The first time World Cup football was telecast live in India was in 1982. Colour television was still a few months away, but the telecast did something to Indian football besides introducing us to world-class performers. It showed how far behind the best we were.
It was a time when football league matches in Bengaluru, especially between the top teams like ITI and HAL, drew near full houses. I was a junior reporter then, having just entered the profession with the usual dream of changing the world (after a while I decided to leave it as it is). League matches were fun, with the press box (press table, actually) perched on the vertigo-inducing stadium.
At half-time (the prevailing cliche then was “lemon time”), a football association employee came around to take orders for tea. Some without milk, some without sugar, others with sugar and milk.

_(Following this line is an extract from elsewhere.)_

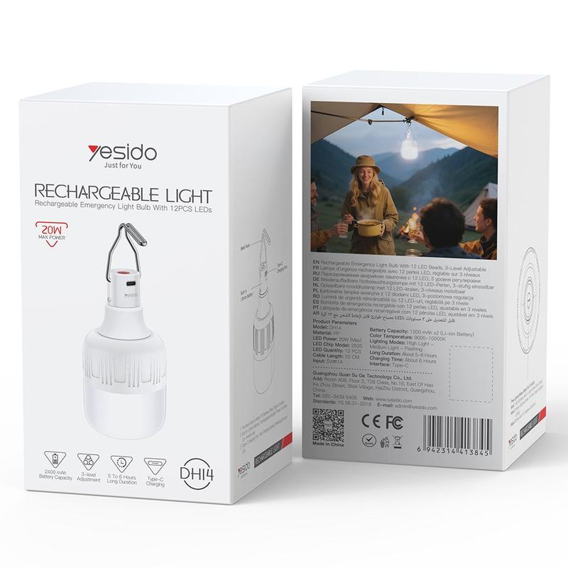 Wees voorbereid op avonturen in de buitenlucht en onverwachte stroomstoringen met de oplaadbare noodlamp YESIDO DH14. Deze draagbare hanglamp zorgt met 12 hoogwaardige LED-lampjes voor een heldere 360°-verlichting en is daarmee ideaal voor kamperen, avondmarkten, noodsituaties thuis of tijdelijke verlichting in de buitenlucht.

And he brought them all in the same pot and distributed them among the reporters. There might have been a profound philosophy underlying this, but I never discovered what it was. What I remember is the colour of the tea — brick red we called it, although it was sand brown.
Reality brought home
And then came the live telecast of the World Cup final. Watching Paolo Rossi and others in action led directly to a drop in attendance at league matches. For years, supporters with little access to world football had imagined that the matches played by HAL, CIL, Bangalore Blues and other teams were the pinnacle of the sport. Now they realised where the league stood in the pecking order. Perhaps embarrassed by their earlier full-throated approval of the competition, perhaps in the knowledge that the best football would be on TV, the fans kept away for a long time.
At the time of the Italy-West Germany final, I had been in the profession for just a few months. The reward for this was to be on the night shift and report on the final from television! Italy beat West Germany 3-1, and since I was young and fresh and had not yet jettisoned purple prose, the report off TV was in full colour even if the TV itself wasn’t.
My football education came courtesy Leo Dudley Pereira, a wonderful reporter and wit and one of the finest at his job. He took me under his wing at the newspaper, and soon I was off to Kolkata to report on the first Nehru Cup international tournament. Uruguay won that. In the team was a young, elegant Enzo Francescoli, later to play in two World Cups.
Till that tournament, I hadn’t reported any football — not the national, not even the local league. I started at the top and worked my way down!
But it was always assumed that I would be a cricket writer, and that’s what happened. Every four years, however, I think back to that 1982 final, the Nehru Cup and the many friends I made in the sport. Including a man named Pele.